Why Britain is at War is a polemic treatise written by Harold Nicolson and first published by Penguin Books on 7 November 1939 shortly after the Second World War began. In the book, Nicolson explores Adolf Hitler's insatiable grasp for power, the foreign policy brinkmanship and deception ploys adopted by Nazi Germany, and Hitler's use of actual and implied force to get his way at the negotiation table. The Penguin Special edition originally cost 6d (six old English pennies) and sold a hundred thousand copies.

==Harold Nicolson==
At the time of writing, Nicolson was National Labour member of parliament (MP) for Leicester West. Nicolson had been among the few MPs to raise questions in the House of Commons about the threat of fascism.

==Origin of book==
On 25 September 1939, Allen Lane, the founder of Penguin Books, commissioned Nicolson to write a Penguin Special of 50,000 words to present to the British people the reasons why they were at war with Germany, and why it was so crucial to defeat Nazism.

The book quickly became a bestseller and sold 100,000 copies and had three reprints by February 1940. Anthony Eden wrote to Nicolson that he was "very much in favour of my Penguin and has bought many copies".

Using high irony, low sarcasm and the telling phrase Nicolson sought to ensure the public were fully aware of the threat of Nazism during the Phoney War between the fall of Poland in October 1939 and the German invasions of Denmark and Norway in April 1940.

==Book outline==
By initially introducing the story of murderer George Joseph Smith, Nicolson quickly compares the methods and strategies adopted by Hitler to force Britain and France to accede to his demands for territory, including the Rhineland, Austria, Czechoslovakia and later Poland.
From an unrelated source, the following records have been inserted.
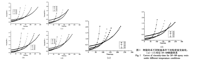 測(cè)試 RIMR?。埃常担銟?shù)脂體系在 25℃ 、35℃ 、45℃ 、55℃恒溫條件下的粘度 , 圖 1(a)、圖 1(b)、圖 1(c)、圖 1(d) 、圖 1(e)、圖 1(f)分別 為 1#-6#環(huán)氧樹(shù)脂體系在 25~55℃不同恒溫條件下的實(shí)測(cè) 粘度曲線。 在
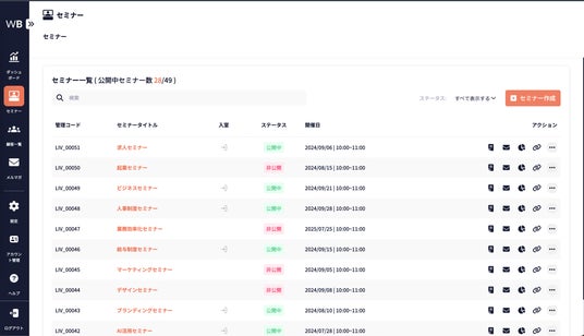 現在はWebinarBaseの提供に加えて、行動を変える機会をつくるセミナー情報サイト「SeminarBase(セミナーベース)」や、完全成果報酬型でご支援するセミナー集客代行サービス、セミナー企画からコンテンツ作成まで行うセミナーコンサルティングサービスなど、セミナーを主催するクライアントのニーズに合わせてサービスを提供しています。
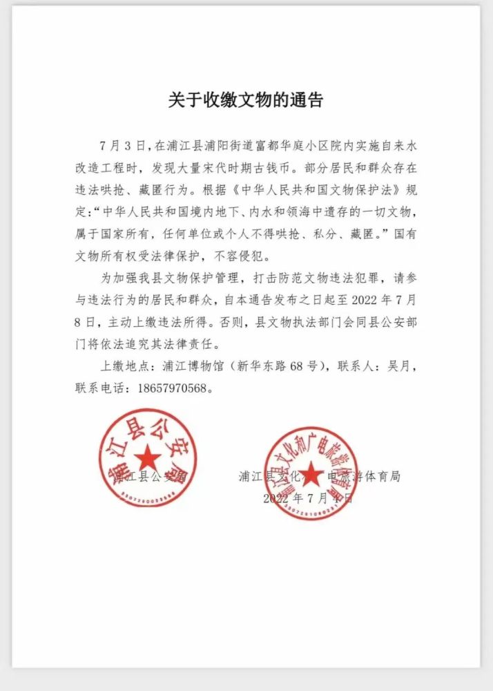 而针对此次古钱币发现过程中有居民和群众违规哄抢和藏匿的行为,浦江深夜发布消息,浦江公安局和文化广电旅游体育局联合发出了《关于收缴文物的通告》。
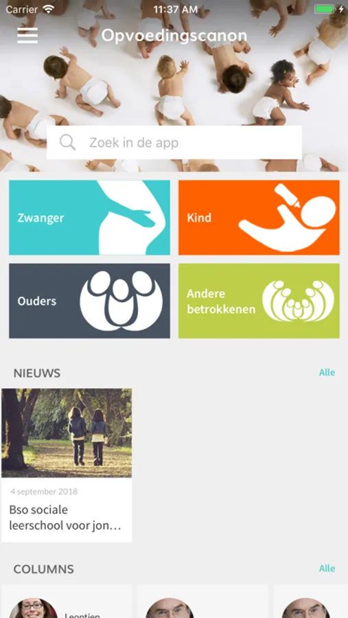 De Opvoedcanon app biedt ouders met jonge kinderen (zwangerschap tot vier jaar) steun bij de opvoeding en ontwikkeling van hun kinderen. Deze informatie is samengesteld met diverse professionals uit het veld en ouders.
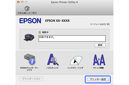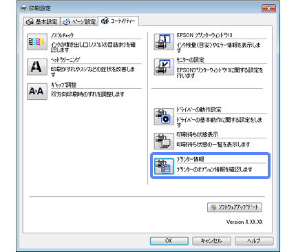 [プリンタユーティリティを開く]をクリックしてEpson Printer Utilityを表示させます。
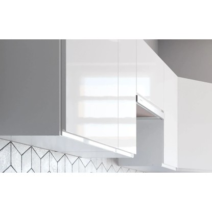 W szufladzie szafki dolnej zastosowano prowadnicę z pełnym wysuwem, dzięki której szuflada wysuwa się na pełną głębokość, umożliwiając łatwy dostęp do całości wnętrza. Szufladę wzmocniono konstrukcją w postaci metalowych boków. Dzięki temu możesz w niej przechowywać przedmioty ważące do 35 kg.

Nicolson provides details on Hitler's early life and also critically reviews Mein Kampf. Separate chapters deal with each of the territorial claims being made by Nazi Germany – starting with the seizure of the Rhineland in March 1936, through the forced Anschluss for Austria in March 1938, the foreign policy issues surrounding the Munich Agreement between March and September 1938, the seizure of Czechoslovakia in March 1939 and then the invasion of Poland on 1 September 1939.

The book concludes with a review of the main causes for the outbreak of the war and suggestions as to its aims and purposes.